RECORD EXTRACTS:
╭──

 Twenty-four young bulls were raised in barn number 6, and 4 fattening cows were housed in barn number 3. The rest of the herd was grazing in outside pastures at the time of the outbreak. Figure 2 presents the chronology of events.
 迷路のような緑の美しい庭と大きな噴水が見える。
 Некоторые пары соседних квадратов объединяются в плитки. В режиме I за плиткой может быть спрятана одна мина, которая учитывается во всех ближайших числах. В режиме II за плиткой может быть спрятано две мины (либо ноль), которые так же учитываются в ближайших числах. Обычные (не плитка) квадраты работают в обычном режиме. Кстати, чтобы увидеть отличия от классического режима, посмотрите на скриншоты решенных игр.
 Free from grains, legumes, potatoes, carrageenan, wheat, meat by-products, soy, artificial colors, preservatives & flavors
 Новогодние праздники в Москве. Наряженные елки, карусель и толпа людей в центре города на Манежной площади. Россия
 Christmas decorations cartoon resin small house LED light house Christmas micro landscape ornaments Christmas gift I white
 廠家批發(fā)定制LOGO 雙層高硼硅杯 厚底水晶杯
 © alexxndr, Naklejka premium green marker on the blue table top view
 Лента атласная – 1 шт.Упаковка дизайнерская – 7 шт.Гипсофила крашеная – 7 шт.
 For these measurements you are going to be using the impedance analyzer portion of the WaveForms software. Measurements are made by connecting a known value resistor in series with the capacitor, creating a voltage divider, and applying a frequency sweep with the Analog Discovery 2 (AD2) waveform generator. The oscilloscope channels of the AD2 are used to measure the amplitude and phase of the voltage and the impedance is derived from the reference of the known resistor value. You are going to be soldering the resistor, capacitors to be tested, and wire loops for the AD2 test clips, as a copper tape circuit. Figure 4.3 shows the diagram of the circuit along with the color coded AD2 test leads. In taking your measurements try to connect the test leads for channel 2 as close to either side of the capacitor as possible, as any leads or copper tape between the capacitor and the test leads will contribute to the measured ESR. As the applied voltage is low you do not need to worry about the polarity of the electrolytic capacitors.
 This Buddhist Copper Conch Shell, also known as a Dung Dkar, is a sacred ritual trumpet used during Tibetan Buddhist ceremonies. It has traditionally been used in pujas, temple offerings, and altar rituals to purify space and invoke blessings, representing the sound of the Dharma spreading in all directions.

╰──

Set down the complete listing once more, exactly as it appears.

 Twenty-four young bulls were raised in barn number 6, and 4 fattening cows were housed in barn number 3. The rest of the herd was grazing in outside pastures at the time of the outbreak. Figure 2 presents the chronology of events.
 迷路のような緑の美しい庭と大きな噴水が見える。
 Некоторые пары соседних квадратов объединяются в плитки. В режиме I за плиткой может быть спрятана одна мина, которая учитывается во всех ближайших числах. В режиме II за плиткой может быть спрятано две мины (либо ноль), которые так же учитываются в ближайших числах. Обычные (не плитка) квадраты работают в обычном режиме. Кстати, чтобы увидеть отличия от классического режима, посмотрите на скриншоты решенных игр.
 Free from grains, legumes, potatoes, carrageenan, wheat, meat by-products, soy, artificial colors, preservatives & flavors
 Новогодние праздники в Москве. Наряженные елки, карусель и толпа людей в центре города на Манежной площади. Россия
 Christmas decorations cartoon resin small house LED light house Christmas micro landscape ornaments Christmas gift I white
 廠家批發(fā)定制LOGO 雙層高硼硅杯 厚底水晶杯
 © alexxndr, Naklejka premium green marker on the blue table top view
 Лента атласная – 1 шт.Упаковка дизайнерская – 7 шт.Гипсофила крашеная – 7 шт.
 For these measurements you are going to be using the impedance analyzer portion of the WaveForms software. Measurements are made by connecting a known value resistor in series with the capacitor, creating a voltage divider, and applying a frequency sweep with the Analog Discovery 2 (AD2) waveform generator. The oscilloscope channels of the AD2 are used to measure the amplitude and phase of the voltage and the impedance is derived from the reference of the known resistor value. You are going to be soldering the resistor, capacitors to be tested, and wire loops for the AD2 test clips, as a copper tape circuit. Figure 4.3 shows the diagram of the circuit along with the color coded AD2 test leads. In taking your measurements try to connect the test leads for channel 2 as close to either side of the capacitor as possible, as any leads or copper tape between the capacitor and the test leads will contribute to the measured ESR. As the applied voltage is low you do not need to worry about the polarity of the electrolytic capacitors.
 This Buddhist Copper Conch Shell, also known as a Dung Dkar, is a sacred ritual trumpet used during Tibetan Buddhist ceremonies. It has traditionally been used in pujas, temple offerings, and altar rituals to purify space and invoke blessings, representing the sound of the Dharma spreading in all directions.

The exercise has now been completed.